Sadie Hollister became my ranch friend after Riley left the Circle C. Sadie has never been to school. She’s a hillbilly girl who lives just beyond the ranch boundaries with her parents, her granny, and seven brothers and sisters. (Lily, Tom, Zeke, Sadie, Joey, Mimi, Jonah, and Casey).The Hollisters raise “stinky” sheep. The Hollisters scrape together a living on their overgrazed land. Sadie pretty much can do whatever she wants. She has no chores. There is nothing to take care of but a few sheep, some pigs, and a few horses.
Sadie and I were good friends for two years. I missed Riley, and Sadie took his place as a fun and adventurous playmate.

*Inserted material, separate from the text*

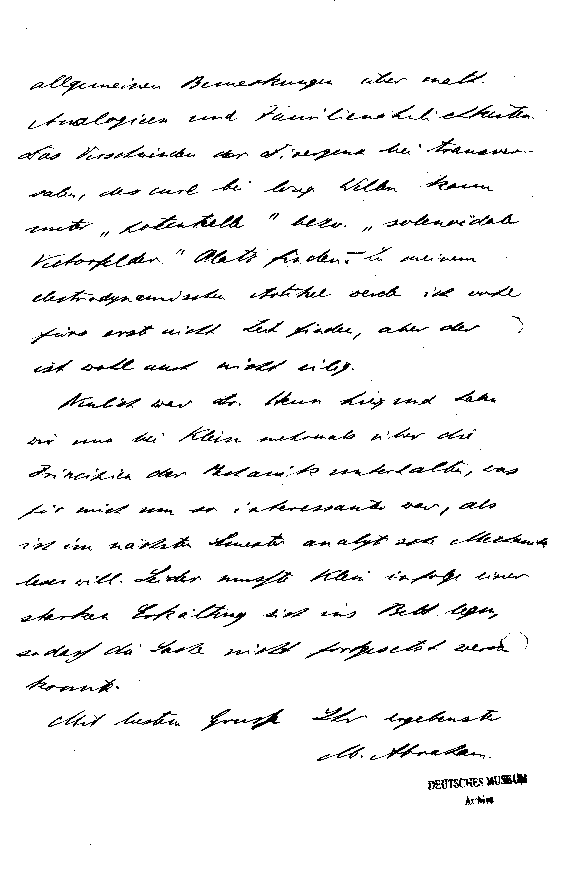 Max Abraham an Arnold Sommerfeld, 7. Oktober 1900

I gave her a cat and she gave me a lamb (which Chad told me I had to take back.) But Sadie and I began to grow apart the year I turned 12. By now, Cory had entered the picture, and the rift between sheepherders and cattlemen got wider and wider, until it was obvious that Mr. Hollister preferred Sadie to stay away from the rich cattle rancher’s girl (me), and Chad made it clear that I better stick closer to home. With school and more ranch chores, I saw Sadie less and less. Now and again, we played together, but it wasn’t the same. I even invited Sadie to school, but she says she’s too old to start going to school now.
It was a number of years before I saw Sadie again. Riley and I took a trip to the Hollisters and Sadie looked very different. A lot older, like life was wearing her out. Plus, she had a toddler about Sammy’s age hoisted on her hip. I figured it was her baby but didn’t want to ask. We were polite to each other but that’s about it.
Later, Sadie visited me on Memory Creek ranch. She was kind. I think she’s lonely and wishes we could be friends again. But a rancher’s wife has little time for casual friendships, and Sadie and I are no longer children. She has two children now, Jeffrey and Rosie. I’m not sure who her husband is, and I’m afraid to ask.
Vince Hollister is Sadie’s father and the head of the Hollister clan. He came to his land years ago with his ma (Granny) and pa (deceased) and settled up in the hills, away from those “rich cattle ranchers” and to keep from being pestered. He is ten years older than Justin and doesn’t want anything to do with the Carters or their kind.
Vince is the oldest of his clan, so he inherited the house and few hundred acres of hill country. His brothers live nearby, as do a few other relatives. Once in a while they sneak a stray steer and butcher it before their rancher neighbors suspect, but they do it out of desperation and not because they are criminals. They are hungry, but Vince is too proud to ask for charity. He yells a lot but rarely do the Hollister kids get their backsides walloped. Vince is too busy trying to keep his sheep and his other livestock fed. He and his brothers and their sons shear their sheep each spring and sell the wool, but it never brings in enough to keep the clothes on their backs.
Vince is not an especially pleasant neighbor, and he threatens to shoot any Carter he finds trespassing on his land, but he can’t just leave Andi lying in the middle of nowhere when Sadie runs to get him. He follows his daughter and takes Andi back to his cabin to be ministered to by his mother, Granny. But he prefers Sadie stick to her “own kind.” Sadie, as usual, pays him no mind and plays with Andi anyway.
Granny Hollister’s real name is Sofia, but everybody calls her Granny. She’s a tiny, wiry woman who bosses everybody, even her oldest son, Vince. She’s not afraid of anything or anybody. When she and her husband left the backwoods of North Carolina for the golden hills of California, she was almost scalped in an Indian raid on their wagon train. She survived and is now tough as nails.
Sofia and George Hollister found no gold but they found land that suited them. They squatted there and nobody could make them leave. Their backwoods neighbors had joined the gold rush too, but like the Hollisters, they arrived too late to get in on the easy pickings. They were happy to settle in a part of the country that never got too cold. They built a cabin and raised a bunch of wild kids.
Granny Hollister and her family knew James Carter, the man who bought thousands of acres so close to their piece of land in the Sierra foothills. He had struck it rich, and the Hollisters were ready to hate him for his work ethic and drive. But Granny couldn’t. James Carter was just too likeable. And he treated them with respect, not like the other valley ranchers. James refused to join in the many times the other ranchers wanted to clear out the “riff-raff.” James sided with the Hollisters in the stand-off. Granny knows the older Carter boys as well. She sensed in Chad a willingness to go along with the rancher crowd and try to start a range war to get them out of the hills. That all changed when Chad gave up the land the Hollister’s insisted was now theirs, and a truce of sorts has existed between the families ever since.
The rest of the family is shown here as of 1877 (well, most of them, anyway). They got hold of this donkey and decided to keep it. Sadie refused to even try it out. She doesn’t like donkeys! But four of the kids climbed on. Pictured from left to right are Vince, Mama (Lacey), Lily (13), Joey (7), Mimi (6), Zeke (10), and Tom (12). Sadie (9), Jonah (5), and Casey (4)are not in the picture.